# Dataset section:
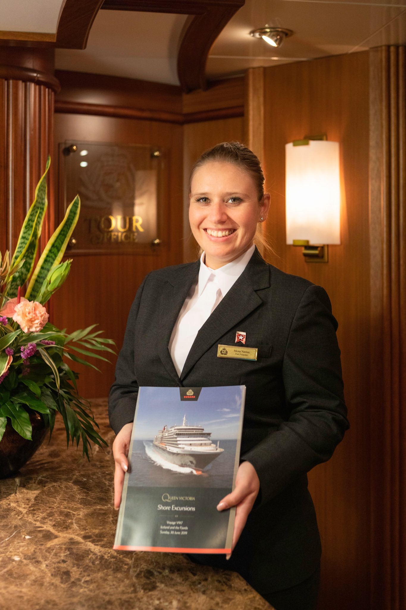O Guest Services Officer é o representante direto da hospitalidade a bordo e tem como principal função garantir a satisfação dos hóspedes. Ele atua no balcão de recepção, sendo responsável por processos como check-in, check-out e controle de contas de bordo. Fornece informações sobre excursões, serviços e atividades disponíveis no navio, mantendo-se sempre bem informado e cordial. Também é encarregado de registrar e resolver reclamações, atuando com empatia e profissionalismo.
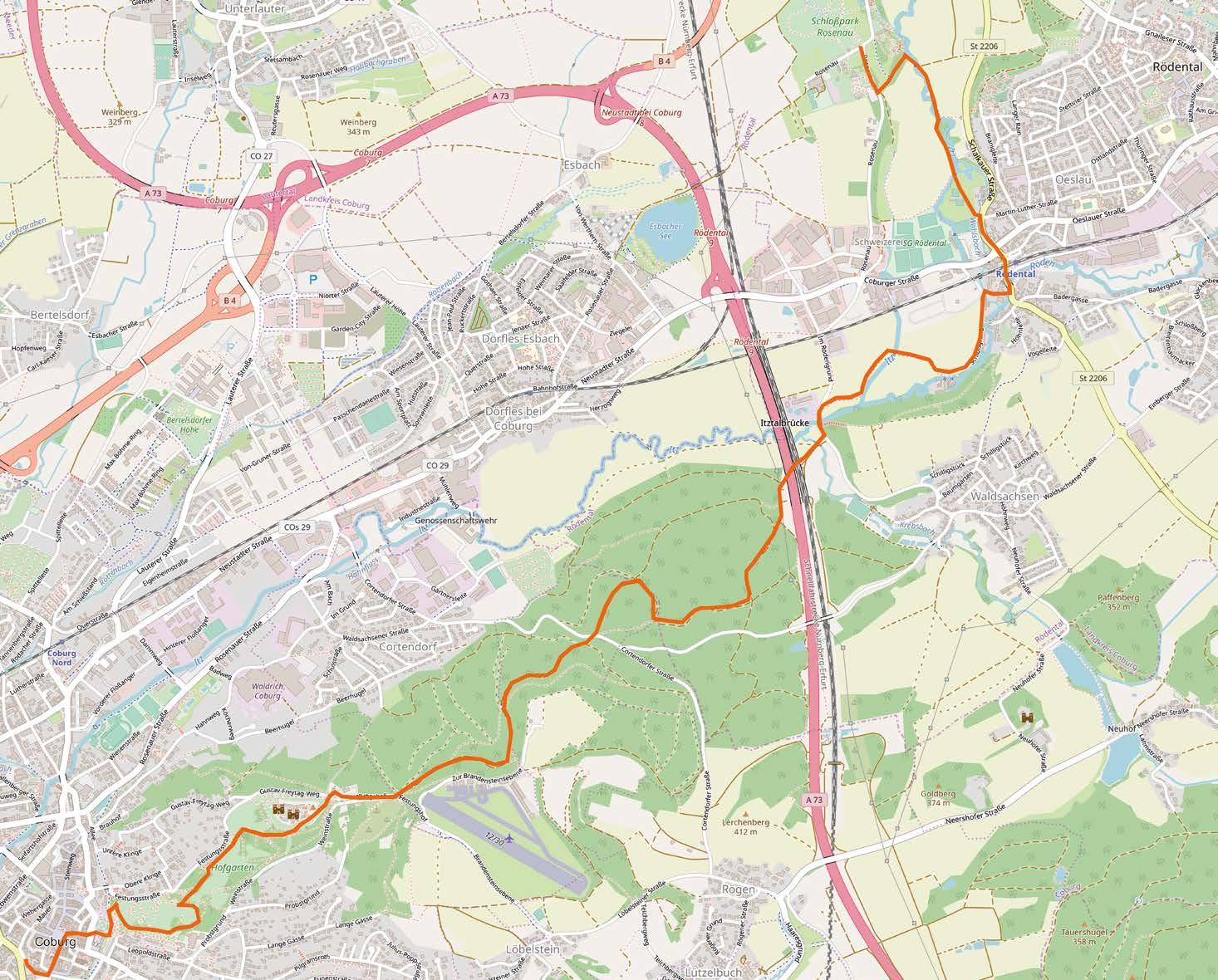 • Das Grüne Band in Coburg.Rennsteig: Von Bad Rodach nach Bad Colberg (11 km)
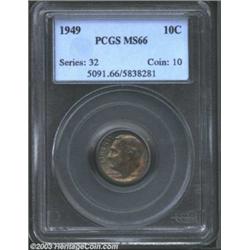 <TABLE cellSpacing=0 cellPadding=0 width="100%" bgColor=#000000 border=0><TBODY><TR><TD width="100%"><TABLE cellSpacing=1 cellPadding=3 width="100%" border=0><TBODY><TR><TD width="100%" bgColor=#79735c><FONT face=arial color=#ffffff size=3><B>Description</B> </FONT></TD></TR><TR><TD width="100%" bgColor=#ffffff><FONT face=arial size=2><B>1949 10C MS66 PCGS.</B></I> Mottled violet and teal, more complete on the obverse where it is on top of lustrous golden color. Well preserved as suggested by the grade, with only the faintest imperfections. </FONT></TD></TR></TBODY></TABLE></TD></TR></TBODY></TABLE><BR><A name=PricesRealized></A><TABLE cellSpacing=0 cellPadding=0 width="100%" bgColor=#000000 border=0><TBODY><TR><TD width="100%"><TABLE cellSpacing=1 cellPadding=3 width="100%" border=0><TBODY><TR><TD width="100%" bgColor=#79735c><A name=PR><FONT face=arial color=#ffffff size=3><B>Previous Prices from Heritage Auctions</B> </FONT></A></TD></TR><TR><TD bgColor=#f6f6ed><TABLE cellSpacing=0 cellPadding=0 width="100%" border=1><TBODY><TR><TD align=middle width="33%"><B>Date</B></TD><TD align=middle width="33%"><B>Service</B></TD><TD align=middle width="33%"><B>Price</B></TD></TR><TR bgColor=whitesmoke><TD width="33%"><B>11/28/2000</B></TD><TD width="33%">PCGS</TD><TD width="33%">$27.00</TD></TR><TR bgColor=whitesmoke><TD width="33%"><B>07/03/2001</B></TD><TD width="33%">ANACS</TD><TD width="33%">$31.00</TD></TR><TR bgColor=whitesmoke><TD width="33%"><B>01/09/2001</B></TD><TD width="33%">ANACS</TD><TD width="33%">$17.00</TD></TR><TR bgColor=whitesmoke><TD width="33%"><B>06/17/2003</B></TD><TD width="33%">PCGS</TD><TD width="33%">$4.60</TD></TR></TBODY></TABLE></TD></TR><TR><TD bgColor=#ffffff><FONT face=arial size=1 ?>PLEASE NOTE: All prices realized reflect the final hammer price PLUS the buyer's premium in auctions that charge a buyer's premium. Each item has a notation at the top of the listing indicating whether that lot included a buyer's premium. Example: A item that sells with a final hammer price of $100 and a 20% buyer's premium will display with a price realized of $120. All information listed is intended to be as accurate as possible, but errors are possible. Please use this guide carefully and inform us of any inaccuracies. </FONT></TD></TR></TBODY></TABLE></TD></TR></TBODY></TABLE><BR><TABLE cellSpacing=0 cellPadding=0 width="100%" bgColor=#000000 border=0><TBODY><TR><TD width="100%"><TABLE cellSpacing=1 cellPadding=3 width="100%" border=0><TBODY><TR><TD width="100%" bgColor=#79735c colSpan=6><FONT face=arial color=#ffffff size=3><B>Price Guide*</B> </FONT></TD></TR><TR bgColor=#f6f6ed><TD align=middle><B>Grade</B> </TD><TD align=middle><B>Coin World<BR>(Trends)</B> </TD><TD align=middle><B>Numismedia<BR>Retail</B> </TD><TD align=middle><B>Numismedia<BR>Wholesale</B> </TD><TD align=middle><B>Coin<BR>Universe</B> </TD><TD align=middle><B>Heritage<BR>Value Index</B> </TD></TR><TR bgColor=#ffffff><TD align=middle>65</TD><TD align=right>---</TD><TD align=right>$33.00</TD><TD align=right>$26.00</TD><TD align=right>$25.00</TD><TD align=right>$17.50</TD></TR><TR style="FONT-WEIGHT: bold" bgColor=#cccfdd><TD align=middle>66</TD><TD align=right>---</TD><TD align=right>$56.00</TD><TD align=right>$45.00</TD><TD align=right>$65.00</TD><TD align=right>$30.25</TD></TR><TR bgColor=#ffffff><TD align=middle>67</TD><TD align=right>---</TD><TD align=right>$81.00</TD><TD align=right>$65.00</TD><TD align=right>$375.00</TD><TD align=right>$159.25</TD></TR><TR bgColor=#ffffff><TD colSpan=6><FONT size=1>*All information listed is intended to be as accurate as possible, but errors are possible. No item may be returned or refused based on this information which is provided as a service to our customers. You should contact each pricing source directly to determine the accuracy of this information. </FONT></TD></TR></TBODY></TABLE></TD></TR></TBODY></TABLE><BR><TABLE cellSpacing=0 cellPadding=0 width="100%" bgColor=#000000 border=0><TBODY><TR><TD width="100%"><TABLE cellSpacing=1 cellPadding=3 width="100%" border=0><TBODY><TR><TD width="100%" bgColor=#79735c><FONT face=arial color=#ffffff size=3><B>Population Guide</B> </FONT></TD></TR><TR bgColor=#ffffff><TD align=middle><!-- Begin Output of Population Grid--><TABLE cellSpacing=0 cellPadding=0 width="100%" border=0><TBODY><TR><TD vAlign=center><TABLE cellSpacing=0 width="100%" border=1 cellsadding="3"><TBODY><TR><TD vAlign=center><TABLE cellSpacing=0 cellPadding=3 width="100%" border=1><TBODY><TR><TD vAlign=center align=middle bgColor=#f0f1e8 colSpan=2 <CENTER><FONT face=Arial size=2><B>PCGS Pop </B></FONT><CENTER></CENTER></TD><TD vAlign=center align=middle bgColor=#f0f1e8 colSpan=2><CENTER><FONT face=Arial size=2><B>NGC Pop</B></CENTER></FONT></TD></TR><TR><TD vAlign=center><FONT face=Arial size=2>(66)</FONT> </TD><TD vAlign=center align=right><FONT face=Arial size=2>353</FONT> </TD><TD vAlign=center><FONT face=Arial size=2>(66)</FONT> </TD><TD vAlign=center align=right><FONT face=Arial size=2>251</FONT> </TD></TR><TR><TD vAlign=center><FONT face=Arial size=2>(>66)</FONT> </TD><TD vAlign=center align=right><FONT face=Arial size=2>46</FONT> </TD><TD vAlign=center><FONT face=Arial size=2>(>66)</FONT> </TD><TD vAlign=center align=right><FONT face=Arial size=2>207</FONT> </TD></TR></TBODY></TABLE></TD></TR></TBODY></TABLE></TD></TR></TBODY></TABLE><!-- End Output of Population Grid--> Important notice: Heritage usually auctions material at the rate of 200-250 lots per hour. On some occasions eBay Live bid software or the Internet may not be able to keep up with the pace of the auction. We recommend placing a realistic absentee bid now as insurance to avoid disappointment. Occasionally the auctioneer may eliminate or reject an eBay Live bid, and the auctioneer may also reopen a lot after the close of the eBay live bidding (usually because we missed an audience bid), and may reject your bid even if it shows you as the winning bidder. By bidding via eBay Live, you

# How to complete this task:
Please copy out the whole listing exactly as it stands, minus the pictures.

# Solution:
O Guest Services Officer é o representante direto da hospitalidade a bordo e tem como principal função garantir a satisfação dos hóspedes. Ele atua no balcão de recepção, sendo responsável por processos como check-in, check-out e controle de contas de bordo. Fornece informações sobre excursões, serviços e atividades disponíveis no navio, mantendo-se sempre bem informado e cordial. Também é encarregado de registrar e resolver reclamações, atuando com empatia e profissionalismo.
 • Das Grüne Band in Coburg.Rennsteig: Von Bad Rodach nach Bad Colberg (11 km)
 <TABLE cellSpacing=0 cellPadding=0 width="100%" bgColor=#000000 border=0><TBODY><TR><TD width="100%"><TABLE cellSpacing=1 cellPadding=3 width="100%" border=0><TBODY><TR><TD width="100%" bgColor=#79735c><FONT face=arial color=#ffffff size=3><B>Description</B> </FONT></TD></TR><TR><TD width="100%" bgColor=#ffffff><FONT face=arial size=2><B>1949 10C MS66 PCGS.</B></I> Mottled violet and teal, more complete on the obverse where it is on top of lustrous golden color. Well preserved as suggested by the grade, with only the faintest imperfections. </FONT></TD></TR></TBODY></TABLE></TD></TR></TBODY></TABLE><BR><A name=PricesRealized></A><TABLE cellSpacing=0 cellPadding=0 width="100%" bgColor=#000000 border=0><TBODY><TR><TD width="100%"><TABLE cellSpacing=1 cellPadding=3 width="100%" border=0><TBODY><TR><TD width="100%" bgColor=#79735c><A name=PR><FONT face=arial color=#ffffff size=3><B>Previous Prices from Heritage Auctions</B> </FONT></A></TD></TR><TR><TD bgColor=#f6f6ed><TABLE cellSpacing=0 cellPadding=0 width="100%" border=1><TBODY><TR><TD align=middle width="33%"><B>Date</B></TD><TD align=middle width="33%"><B>Service</B></TD><TD align=middle width="33%"><B>Price</B></TD></TR><TR bgColor=whitesmoke><TD width="33%"><B>11/28/2000</B></TD><TD width="33%">PCGS</TD><TD width="33%">$27.00</TD></TR><TR bgColor=whitesmoke><TD width="33%"><B>07/03/2001</B></TD><TD width="33%">ANACS</TD><TD width="33%">$31.00</TD></TR><TR bgColor=whitesmoke><TD width="33%"><B>01/09/2001</B></TD><TD width="33%">ANACS</TD><TD width="33%">$17.00</TD></TR><TR bgColor=whitesmoke><TD width="33%"><B>06/17/2003</B></TD><TD width="33%">PCGS</TD><TD width="33%">$4.60</TD></TR></TBODY></TABLE></TD></TR><TR><TD bgColor=#ffffff><FONT face=arial size=1 ?>PLEASE NOTE: All prices realized reflect the final hammer price PLUS the buyer's premium in auctions that charge a buyer's premium. Each item has a notation at the top of the listing indicating whether that lot included a buyer's premium. Example: A item that sells with a final hammer price of $100 and a 20% buyer's premium will display with a price realized of $120. All information listed is intended to be as accurate as possible, but errors are possible. Please use this guide carefully and inform us of any inaccuracies. </FONT></TD></TR></TBODY></TABLE></TD></TR></TBODY></TABLE><BR><TABLE cellSpacing=0 cellPadding=0 width="100%" bgColor=#000000 border=0><TBODY><TR><TD width="100%"><TABLE cellSpacing=1 cellPadding=3 width="100%" border=0><TBODY><TR><TD width="100%" bgColor=#79735c colSpan=6><FONT face=arial color=#ffffff size=3><B>Price Guide*</B> </FONT></TD></TR><TR bgColor=#f6f6ed><TD align=middle><B>Grade</B> </TD><TD align=middle><B>Coin World<BR>(Trends)</B> </TD><TD align=middle><B>Numismedia<BR>Retail</B> </TD><TD align=middle><B>Numismedia<BR>Wholesale</B> </TD><TD align=middle><B>Coin<BR>Universe</B> </TD><TD align=middle><B>Heritage<BR>Value Index</B> </TD></TR><TR bgColor=#ffffff><TD align=middle>65</TD><TD align=right>---</TD><TD align=right>$33.00</TD><TD align=right>$26.00</TD><TD align=right>$25.00</TD><TD align=right>$17.50</TD></TR><TR style="FONT-WEIGHT: bold" bgColor=#cccfdd><TD align=middle>66</TD><TD align=right>---</TD><TD align=right>$56.00</TD><TD align=right>$45.00</TD><TD align=right>$65.00</TD><TD align=right>$30.25</TD></TR><TR bgColor=#ffffff><TD align=middle>67</TD><TD align=right>---</TD><TD align=right>$81.00</TD><TD align=right>$65.00</TD><TD align=right>$375.00</TD><TD align=right>$159.25</TD></TR><TR bgColor=#ffffff><TD colSpan=6><FONT size=1>*All information listed is intended to be as accurate as possible, but errors are possible. No item may be returned or refused based on this information which is provided as a service to our customers. You should contact each pricing source directly to determine the accuracy of this information. </FONT></TD></TR></TBODY></TABLE></TD></TR></TBODY></TABLE><BR><TABLE cellSpacing=0 cellPadding=0 width="100%" bgColor=#000000 border=0><TBODY><TR><TD width="100%"><TABLE cellSpacing=1 cellPadding=3 width="100%" border=0><TBODY><TR><TD width="100%" bgColor=#79735c><FONT face=arial color=#ffffff size=3><B>Population Guide</B> </FONT></TD></TR><TR bgColor=#ffffff><TD align=middle><!-- Begin Output of Population Grid--><TABLE cellSpacing=0 cellPadding=0 width="100%" border=0><TBODY><TR><TD vAlign=center><TABLE cellSpacing=0 width="100%" border=1 cellsadding="3"><TBODY><TR><TD vAlign=center><TABLE cellSpacing=0 cellPadding=3 width="100%" border=1><TBODY><TR><TD vAlign=center align=middle bgColor=#f0f1e8 colSpan=2 <CENTER><FONT face=Arial size=2><B>PCGS Pop </B></FONT><CENTER></CENTER></TD><TD vAlign=center align=middle bgColor=#f0f1e8 colSpan=2><CENTER><FONT face=Arial size=2><B>NGC Pop</B></CENTER></FONT></TD></TR><TR><TD vAlign=center><FONT face=Arial size=2>(66)</FONT> </TD><TD vAlign=center align=right><FONT face=Arial size=2>353</FONT> </TD><TD vAlign=center><FONT face=Arial size=2>(66)</FONT> </TD><TD vAlign=center align=right><FONT face=Arial size=2>251</FONT> </TD></TR><TR><TD vAlign=center><FONT face=Arial size=2>(>66)</FONT> </TD><TD vAlign=center align=right><FONT face=Arial size=2>46</FONT> </TD><TD vAlign=center><FONT face=Arial size=2>(>66)</FONT> </TD><TD vAlign=center align=right><FONT face=Arial size=2>207</FONT> </TD></TR></TBODY></TABLE></TD></TR></TBODY></TABLE></TD></TR></TBODY></TABLE><!-- End Output of Population Grid--> Important notice: Heritage usually auctions material at the rate of 200-250 lots per hour. On some occasions eBay Live bid software or the Internet may not be able to keep up with the pace of the auction. We recommend placing a realistic absentee bid now as insurance to avoid disappointment. Occasionally the auctioneer may eliminate or reject an eBay Live bid, and the auctioneer may also reopen a lot after the close of the eBay live bidding (usually because we missed an audience bid), and may reject your bid even if it shows you as the winning bidder. By bidding via eBay Live, you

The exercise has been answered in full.